This section builds the same tiny program two ways:

  1. Dockerfile using a regular base image (still includes a whole distro)
  2. Nix using dockerTools.buildLayeredImage (image contains only what you ask for)

We’ll then compare image size and layers using standard Docker inspection commands.


Create src/hello.c:

#include <stdio.h>
int main(int argc, char *argv[]) {
const char *name = (argc > 1) ? argv[1] : "world";
printf("hello, %s!\n", name);
return 0;
}

This builds a static C binary and puts only that binary into the image.

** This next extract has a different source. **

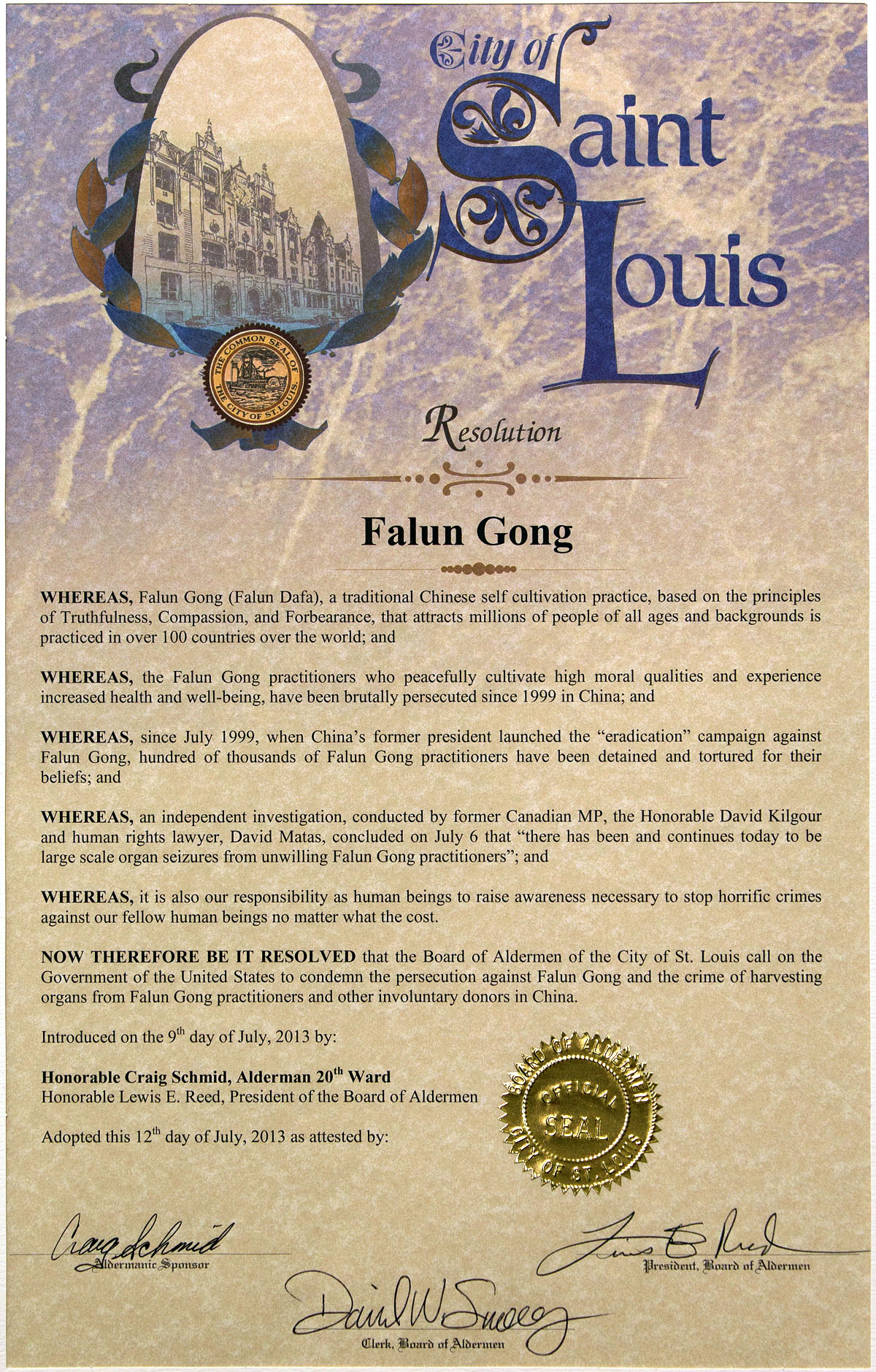 【明慧網二零一三年七月十五日】二零一三年七月十二日,美國密蘇裏州聖路易市議會通過決議,譴責中共迫害法輪功以及活體摘取法輪功學員器官的罪行。

# Build a static binary so the image doesn't need glibc, etc.
hello-static = pkgs.pkgsStatic.stdenv.mkDerivation {
pname = "hello-static";
version = "1.0";
src = ./src;
buildPhase = ''
gcc hello.c -O2 -static -o hello
'';
installPhase = ''
mkdir -p $out/bin
install -m755 hello $out/bin/hello
'';
};
hello-nix-image = pkgs.dockerTools.buildLayeredImage {
name = "hello-nix";
tag = "latest";
# Only include our binary.
contents = [ hello-static ];
config = {
Cmd = [ "/bin/hello" ];
};
};
Terminal window
nix build -L .#hello-nix-image
docker load < result

Run it:

Terminal window
docker run --rm hello-nix:latest ChatGPT

Build a comparable Docker image with Dockerfile

Section titled “Build a comparable Docker image with Dockerfile”

A “normal” Docker build typically starts from a base image (e.g. Alpine, Debian, Ubuntu). Even “minimal” base images still include lots of filesystem + package manager bits.

# Build stage
FROM alpine:3.19 AS build
RUN apk add --no-cache build-base
WORKDIR /src
COPY src/hello.c .
RUN cc hello.c -O2 -static -o hello
# Runtime stage
FROM alpine:3.19
COPY --from=build /src/hello /bin/hello
ENTRYPOINT ["/bin/hello"]

Build + run:

Terminal window
docker build -t hello-docker:latest .
docker run --rm hello-docker:latest ChatGPT

Terminal window
docker image ls | rg 'hello-nix|hello-docker'

(If you don’t have rg, use grep.)

Terminal window
docker system df

This shows how big the Nix-produced image artifact is in the store:

Terminal window
nix path-info -Sh .#hello-nix-image

Inspect layers and why “base images” add bloat

Section titled “Inspect layers and why “base images” add bloat”
Terminal window
docker history hello-docker:latest
docker history hello-nix:latest

What to look for:

  • The Dockerfile version will include a layer for the base image filesystem
  • The Nix version should be tiny: mostly just your binary (and maybe metadata)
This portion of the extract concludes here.